3. You’re not fulfilling a primary function.Have you thought lately about a primary function Jesus said you have; one you cannot, to my thinking, fulfill as long as you’re involved in ongoing sexual sin?“You are the salt of the earth, but if the salt has lost his savor, with what shall it be salted? It is thenceforth good for nothing, but to be cast out, and to be trodden under the foot of men. You are the light of the world. A city that is set upon a hill cannot be hid.” -(Matthew 5: 13-14)
He didn’t invite you to be salt and light, nor did He ask you to consider it. He said that’s what you are. That’s your function, and moral compromise weakens your ability to fulfill it, just as surely as drunkenness would weaken an athlete’s ability to run a race. And when your ability to fulfill your role is weakened, we all suffer. Suppose, for example, a Christian employee works in an office cubicle near an attractive woman. She’s heard the Gospel before, considered it, and maybe even attended a few church services. But she’s undecided, and, thereby, unsaved. The man has an opportunity, through conversation and example, to either strengthen or weaken her regard for Christianity. If he flirts with her, or if she overhears him crack a dirty joke, or if he views porn on the job and she’s made aware of it, his credibility (and worse, the Gospel’s credibility) is snuffed out, and the ripple effect kicks in. The Church suffers by losing yet another notch of credibility; the woman suffers as well (perhaps eternally, a terrible thing to consider) by continuing to live apart from Christ.
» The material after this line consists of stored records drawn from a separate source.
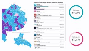 En la poderosa Tercera sección hay en juego 18 bancas de diputados y el piso a perforar es del 5,55%. Fuerza Patria arrasó con 53,9% y llegó a obtener diez bancas. Los libertarios con 28,4% se llevaron seis bancas y la izquierda con 5,6% sumará dos legisladores.
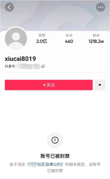 据报道:抖音相关负责人表示,该账号违反平台相关规定,已封禁。
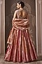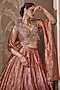 Featuring a fuchsia and orange lehenga in tissue base. It is paired with an embroidered blouse and a dupatta. Accentuate it with antique gold statement jewellery, a coordinated embellished potli and elegant heels for a stylish ensemble, ideal for wedding ceremonies, engagement functions or sangeet nights.
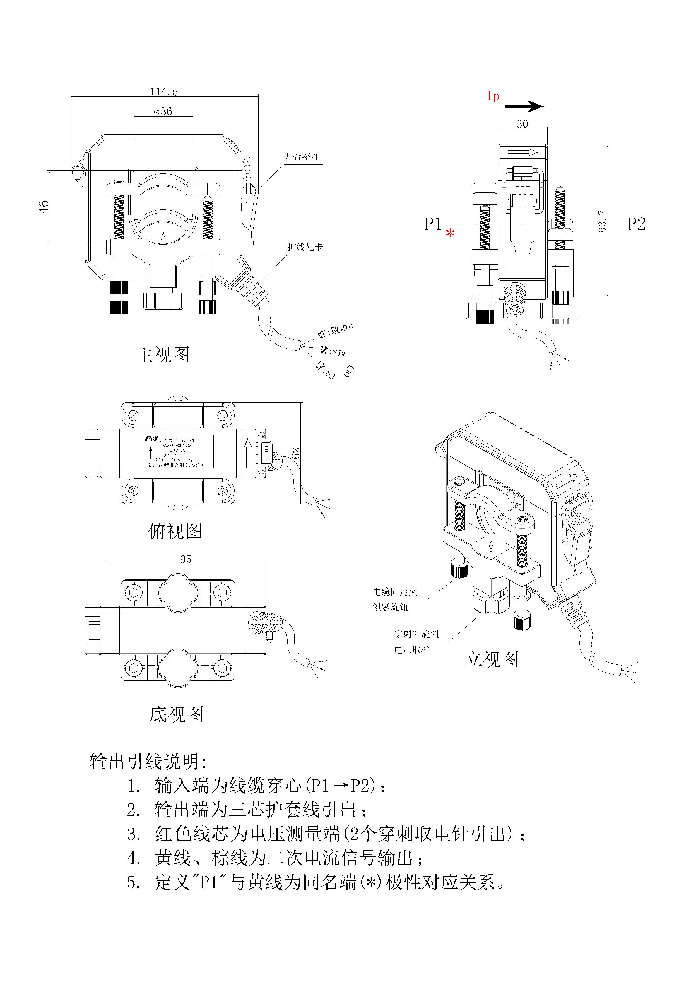 | 电流输出 | 黄线-棕线 | 取电输出 | 红线 | |
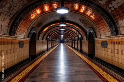 © Gatherina, Fototapeta premium Empty underground city subway tunnel with illuminated ceramic tiles

So it’s not just about you. It never was. Someone else, directly or indirectly, is also affected by your compromise. People who already hold Christianity in contempt get fresh ammunition every time a Christian’s secret sin is brought to light, the undecided are given yet another reason not to decide, and fellow believers are demoralized in their own efforts to be an effective influence. And even if your sin has not (yet) been brought to light, the thing itself can’t help but weaken your zeal by polluting your mind and hardening your heart. So you can be sure of this much:

1. Porn gratifies, but your own history by now should prove it doesn’t really satisfy.
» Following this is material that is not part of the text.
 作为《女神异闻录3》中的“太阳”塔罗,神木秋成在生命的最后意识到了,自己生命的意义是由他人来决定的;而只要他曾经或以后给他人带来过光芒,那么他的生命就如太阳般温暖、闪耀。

2. It’s hurting someone. It’s hurting you, of course, and it’s offending God, which is no small offense. But it’s also hurting someone close to you – a wife, a friend, a child – who deserves better.
3. Meanwhile, it’s keeping you from fulfilling your potential, calling, and role. And we’re all suffering as a result.My prayer today is that, if porn is a habit you’ve developed, you’re ready now to repent, be repaired and rebuilt. Because what you have to gain and lose are both indescribable, and immeasurable.